Gum recession is caused by periodontal disease, which begins when the gums pull away from the teeth at a slow or rapid rate, allowing bacteria to enter the space once occupied by healthy tissue. This inflammation of the gums and bone around your teeth can lead to several diseases, including cavities and tooth loss.
Symptoms of Receding Gums
When there is not enough bone surrounding the teeth, receding gums can come along. This leaves your gums vulnerable to infection, which leads to inflammation and tissue death. The early stages of gum disease are not very noticeable, so paying close attention to your dental health is essential. The following are the most common signs of receding gums:
- Red and swollen gums
- Gums that bleed when you brush your teeth, floss or eat certain foods
- Tenderness in the mouth or around the teeth
- Changes to your normal bite such as a shift in upper and lower teeth positioning
- after brushing – this may be due to bone loss
- Constant bad breath or a bad taste in your mouth
Gum Recession Causes
Several factors can lead to receding gums. If you practice poor oral care or neglect existing problems with your gums, plaque and tartar accumulation will cause the gums to recede faster. If you have an illness or medical condition that decreases the strength of your immune system, this can also make you more susceptible to gum disease.
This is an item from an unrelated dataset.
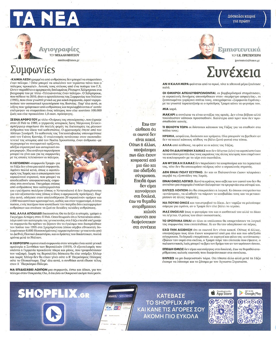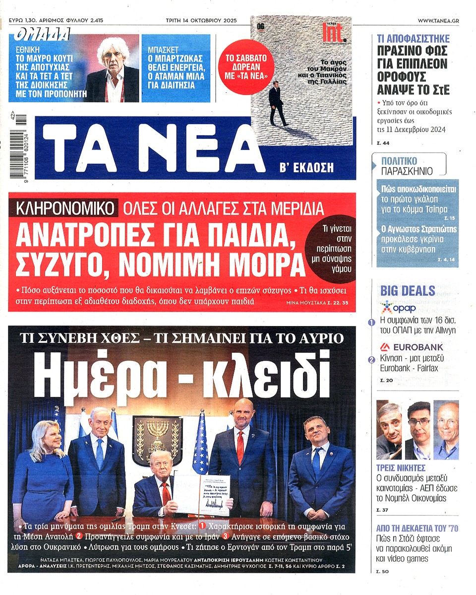 ΤΑ ΝΕΑ - 14 Οκτωβρίου 2025

Other factors that contribute to the formation of receding gums are:
- Smoking and tobacco use
- Genetics and family history
- Dental implants and braces
- Certain medications, such as steroids
- Excessive brushing or flossing
- Incorrect or inadequate dental care early on in life
- Bad habits such as nail-biting, thumb sucking and mouth breathing
- Hormonal changes during puberty, pregnancy or menopause
Treatment for Receding Gums
Once the gums pull away from the teeth, it becomes more challenging to treat. With early detection and regular care, you can help stop or prevent further receding gums. The most common treatment options for receding gums include:
Scaling and Root Planing
Scaling is a deep cleaning that removes plaque, tartar, and bacteria below the gum line. Root planing smoothes down the edges of teeth to prevent further bone loss. They treat by eliminating any bacteria located in the gums, increasing the chances of gum healing.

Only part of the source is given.